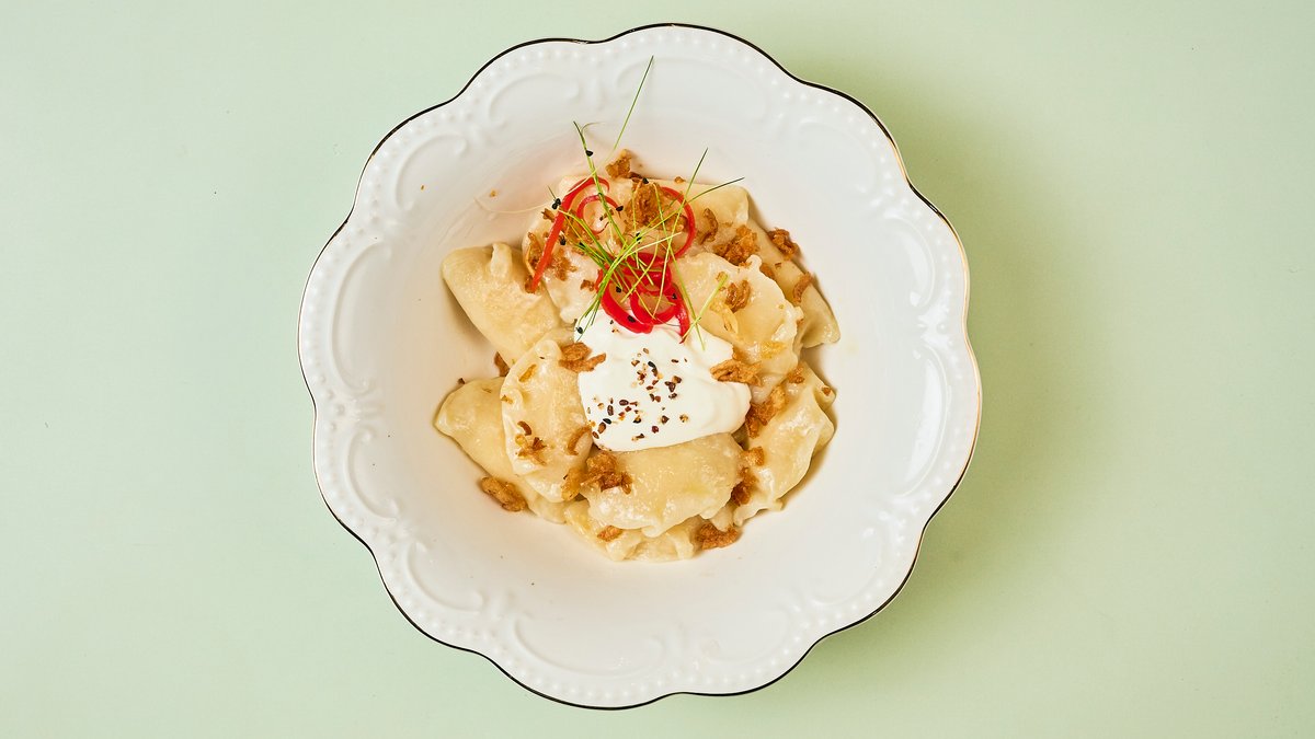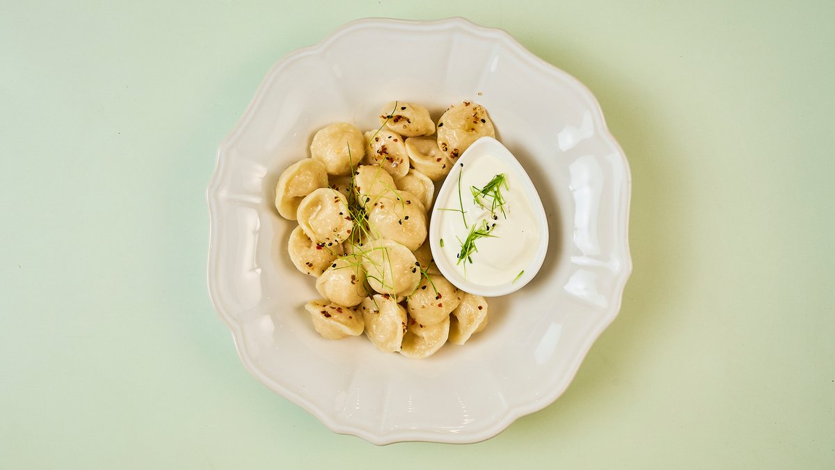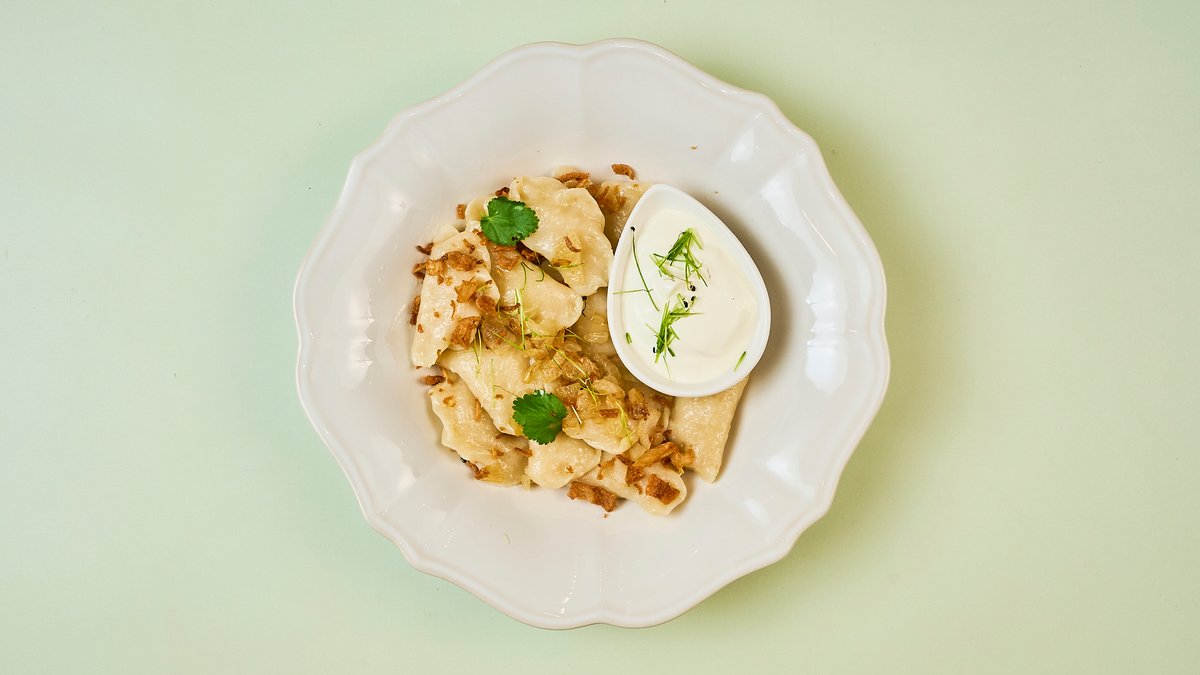 Teigtaschen mit Kartoffel-Zwiebel-Füllung, serviert mit Schmand
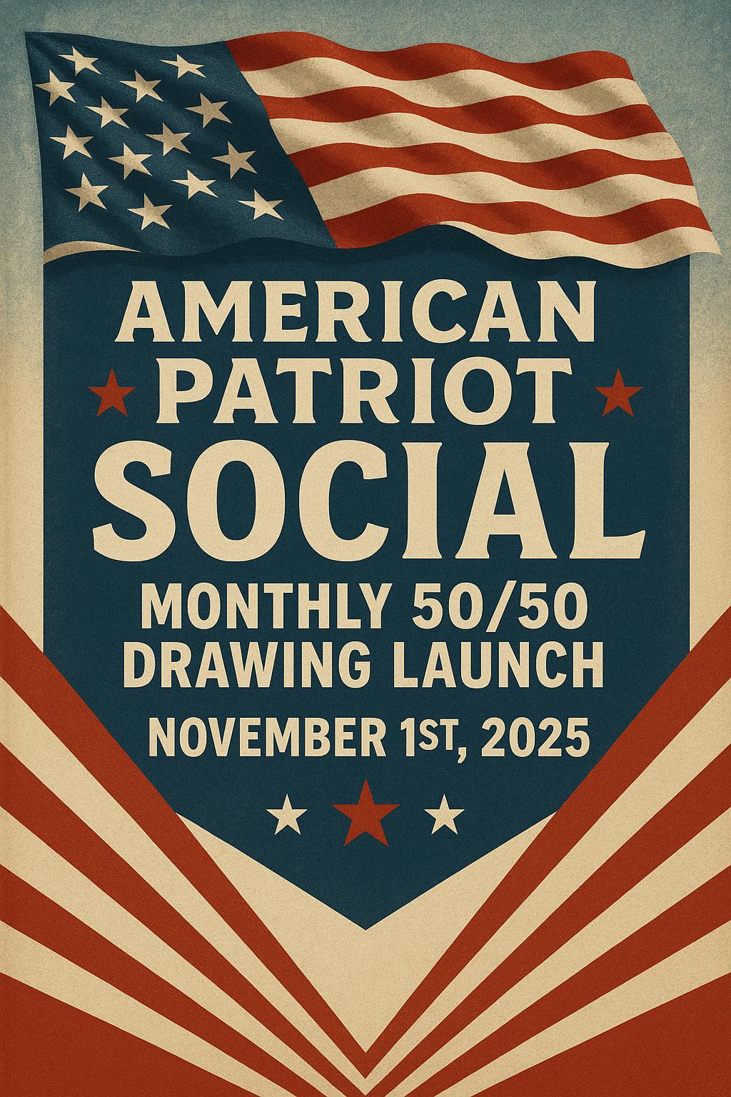 Starting November 1st, 2025, at 12:01 a.m., we will officially begin offering entries into the American Patriot Social Monthly 50/50 Drawing. This exciting opportunity allows our community members and supporters to participate in a monthly event that not only rewards generosity but also strengthens our shared mission of spreading truth and preserving free speech.
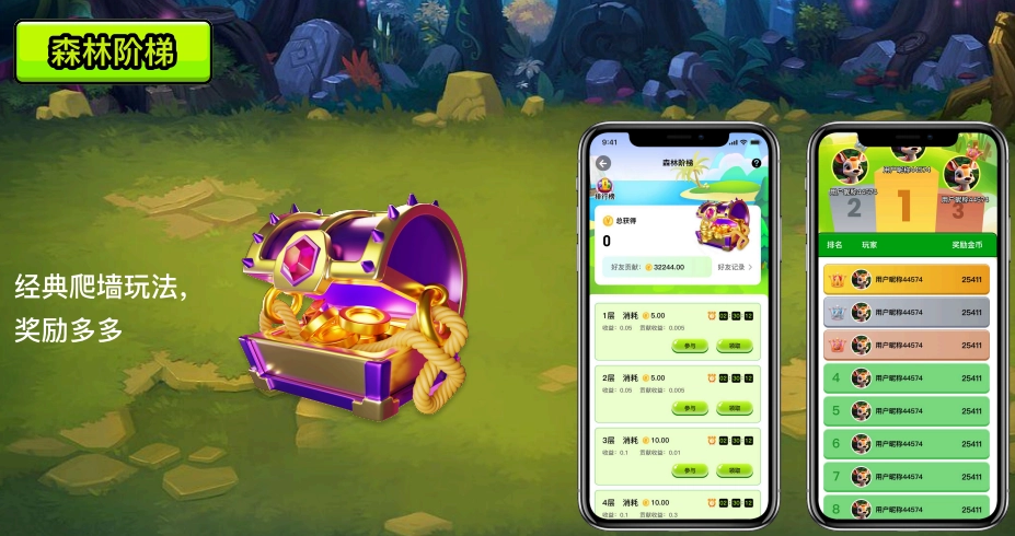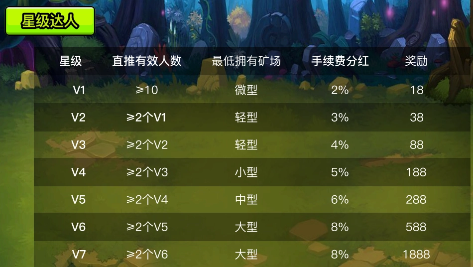 爬墙与开矿的收益规则:直接推荐可获得10%的收益;森林大逃杀的收益规则:直接推荐投入部分可获得2%的收益

Task statement:
Hand back the data exactly as it appears, with all pictures cut.

Exercise response:
 Teigtaschen mit Kartoffel-Zwiebel-Füllung, serviert mit Schmand
 Starting November 1st, 2025, at 12:01 a.m., we will officially begin offering entries into the American Patriot Social Monthly 50/50 Drawing. This exciting opportunity allows our community members and supporters to participate in a monthly event that not only rewards generosity but also strengthens our shared mission of spreading truth and preserving free speech.
 爬墙与开矿的收益规则:直接推荐可获得10%的收益;森林大逃杀的收益规则:直接推荐投入部分可获得2%的收益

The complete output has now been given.